SUPPLIED INFORMATION:
■ ■ ■ ■

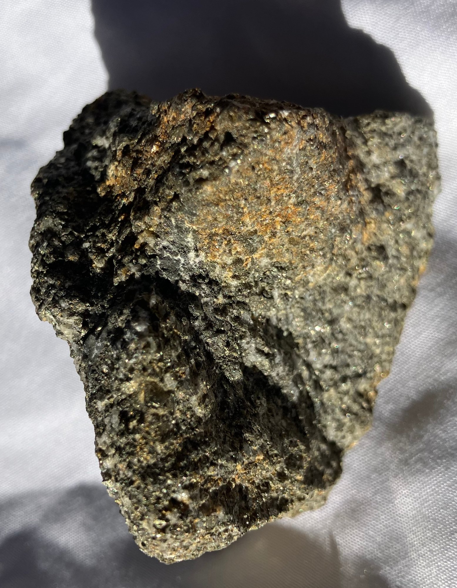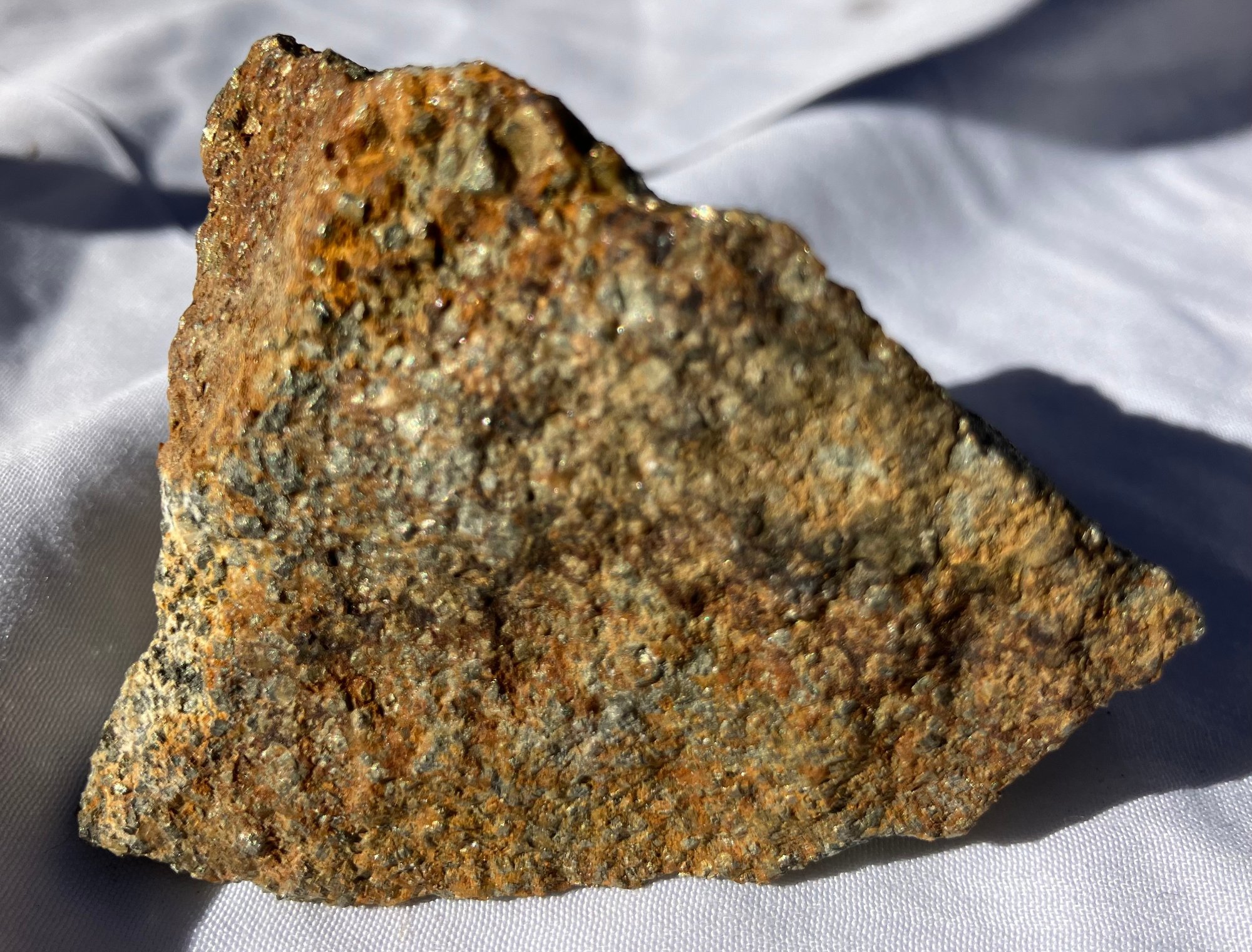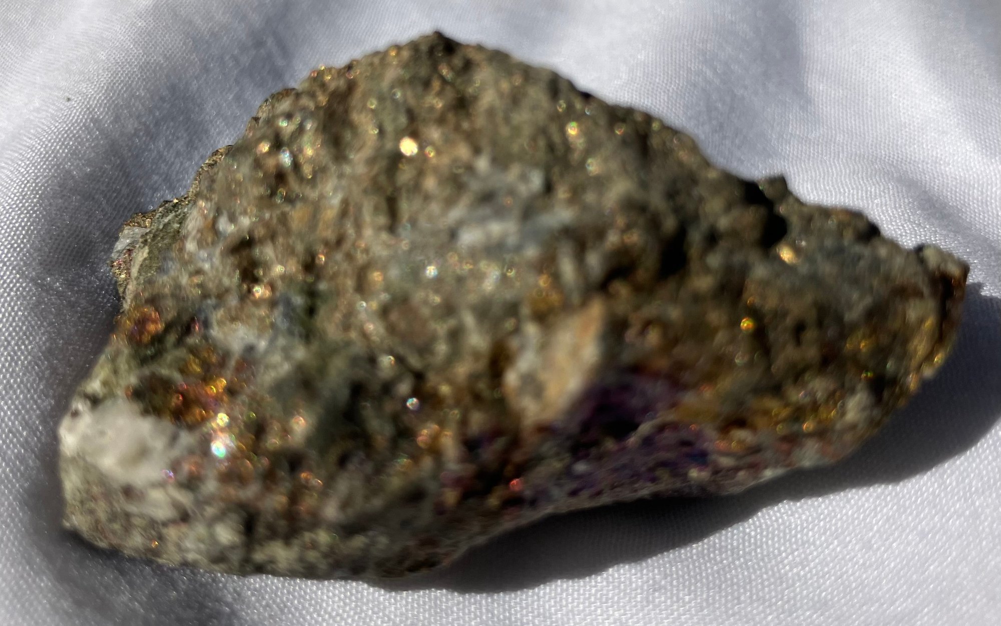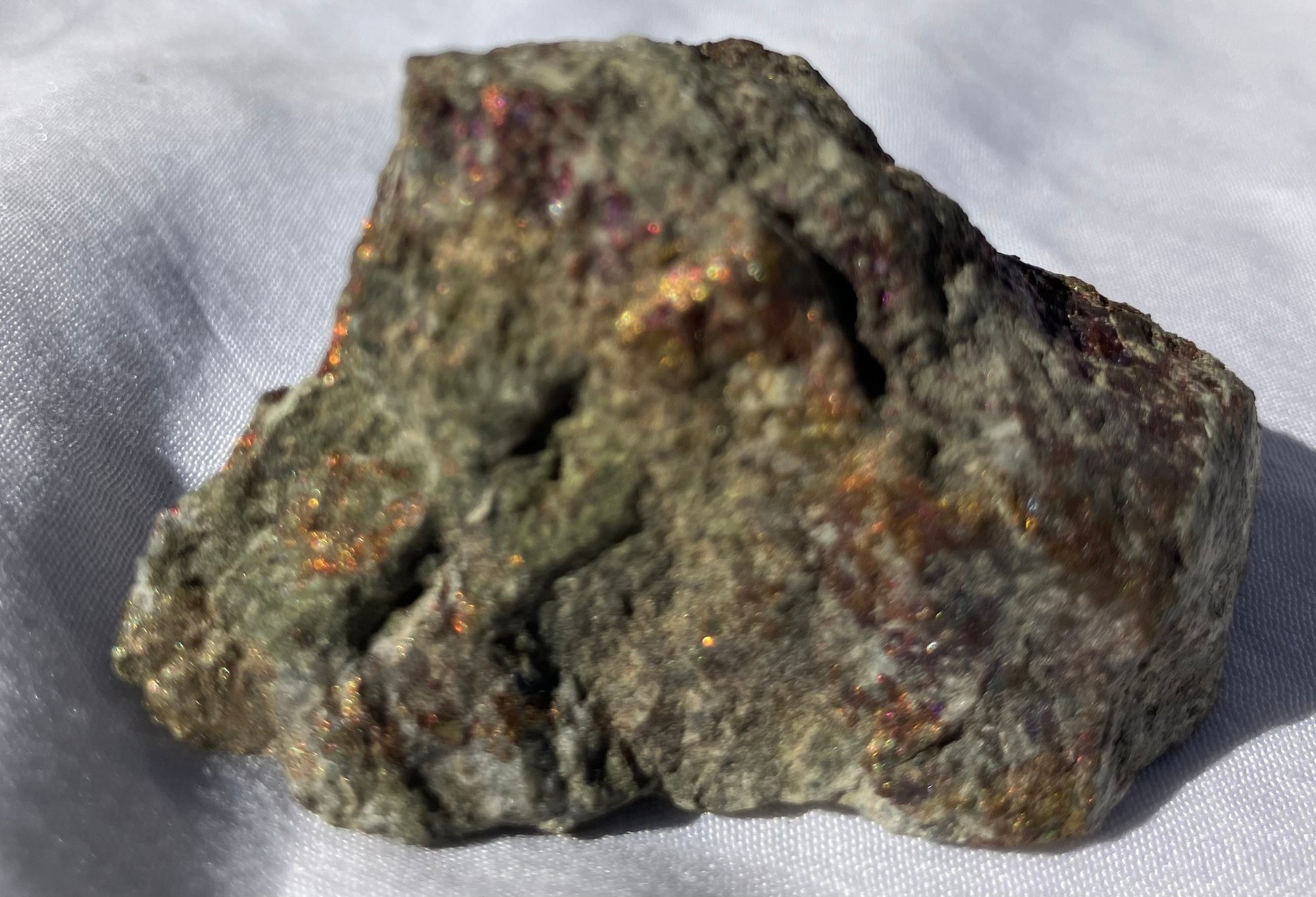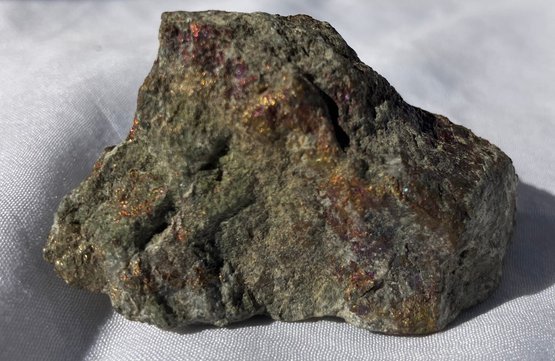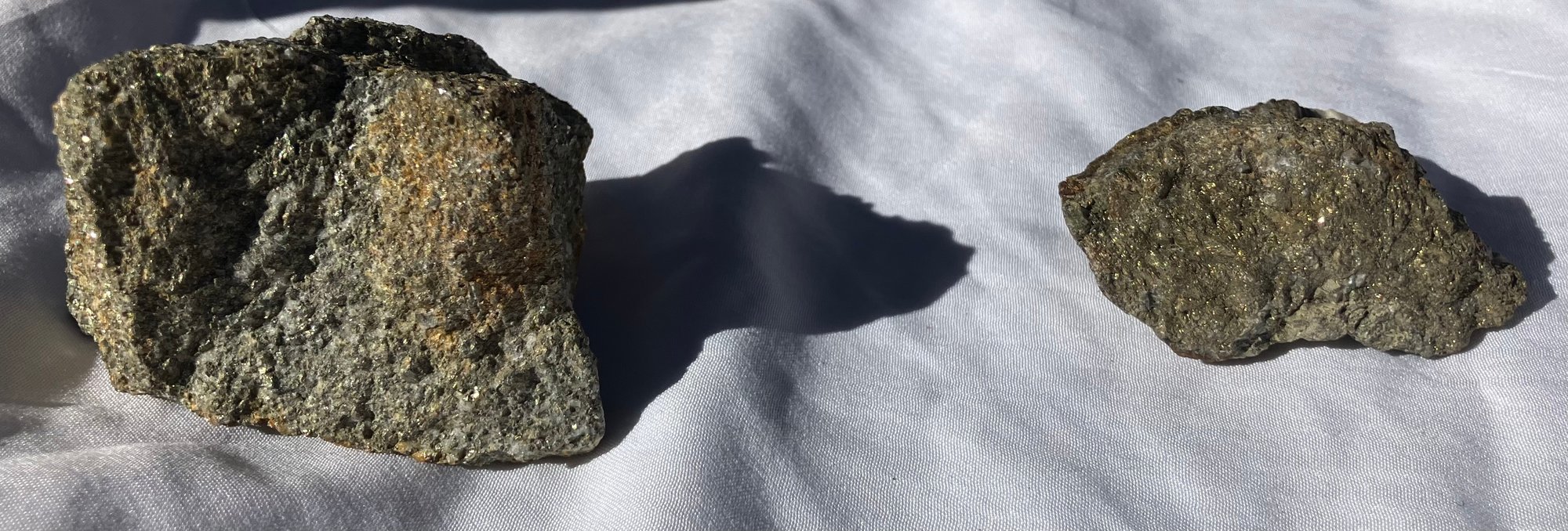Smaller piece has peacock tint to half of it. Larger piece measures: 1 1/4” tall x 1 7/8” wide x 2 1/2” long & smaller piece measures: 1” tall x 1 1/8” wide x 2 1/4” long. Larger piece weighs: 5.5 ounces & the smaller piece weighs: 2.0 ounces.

■ ■ ■ ■

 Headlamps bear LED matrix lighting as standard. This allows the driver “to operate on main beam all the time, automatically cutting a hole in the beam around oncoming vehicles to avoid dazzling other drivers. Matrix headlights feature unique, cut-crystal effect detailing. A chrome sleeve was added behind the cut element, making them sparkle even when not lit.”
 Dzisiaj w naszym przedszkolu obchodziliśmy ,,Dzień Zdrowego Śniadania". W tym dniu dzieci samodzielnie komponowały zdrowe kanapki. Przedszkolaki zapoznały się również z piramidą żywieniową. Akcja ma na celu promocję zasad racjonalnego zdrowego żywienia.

■ ■ ■ ■

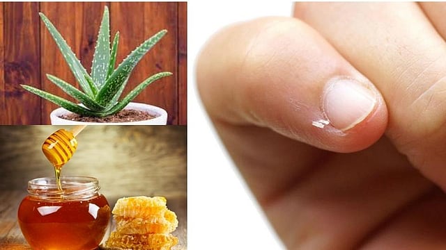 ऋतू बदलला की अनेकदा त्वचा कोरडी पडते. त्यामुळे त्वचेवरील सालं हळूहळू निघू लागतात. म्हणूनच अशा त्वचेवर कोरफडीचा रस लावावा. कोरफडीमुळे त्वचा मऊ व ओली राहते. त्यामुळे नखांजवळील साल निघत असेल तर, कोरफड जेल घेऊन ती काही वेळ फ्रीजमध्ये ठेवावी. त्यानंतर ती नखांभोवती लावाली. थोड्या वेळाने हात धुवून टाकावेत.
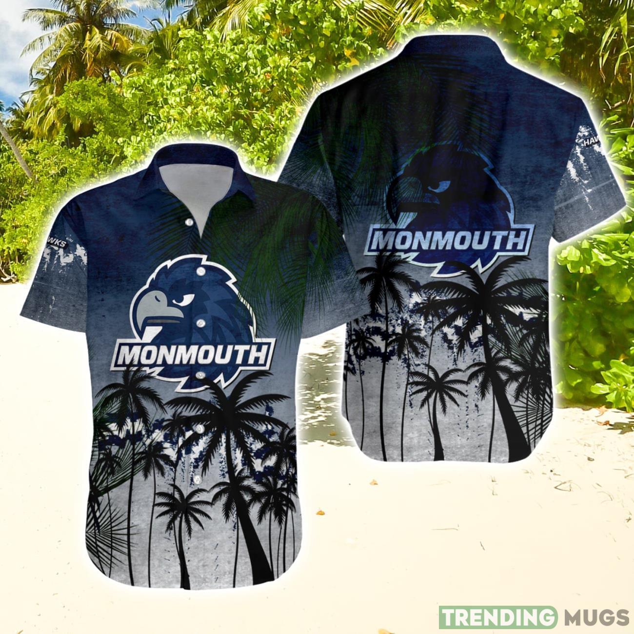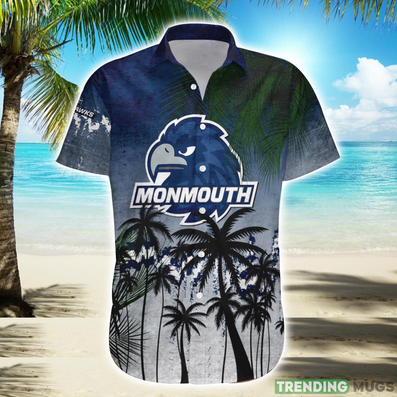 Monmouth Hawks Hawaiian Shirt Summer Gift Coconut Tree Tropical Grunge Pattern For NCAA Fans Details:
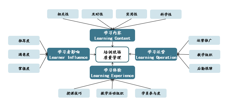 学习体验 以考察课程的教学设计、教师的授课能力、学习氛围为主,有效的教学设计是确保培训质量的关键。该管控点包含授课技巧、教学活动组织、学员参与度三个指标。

■ ■ ■ ■

WHAT TO WORK ON: Reproduce, exactly and only, the lines of the records above starting at the line with "Monmouth Hawks Hawaiian" and ending at the line with "学习体验 以考察课程的教学设", both included. Leave every picture out.

EXERCISE RESULT:
 Monmouth Hawks Hawaiian Shirt Summer Gift Coconut Tree Tropical Grunge Pattern For NCAA Fans Details:
 学习体验 以考察课程的教学设计、教师的授课能力、学习氛围为主,有效的教学设计是确保培训质量的关键。该管控点包含授课技巧、教学活动组织、学员参与度三个指标。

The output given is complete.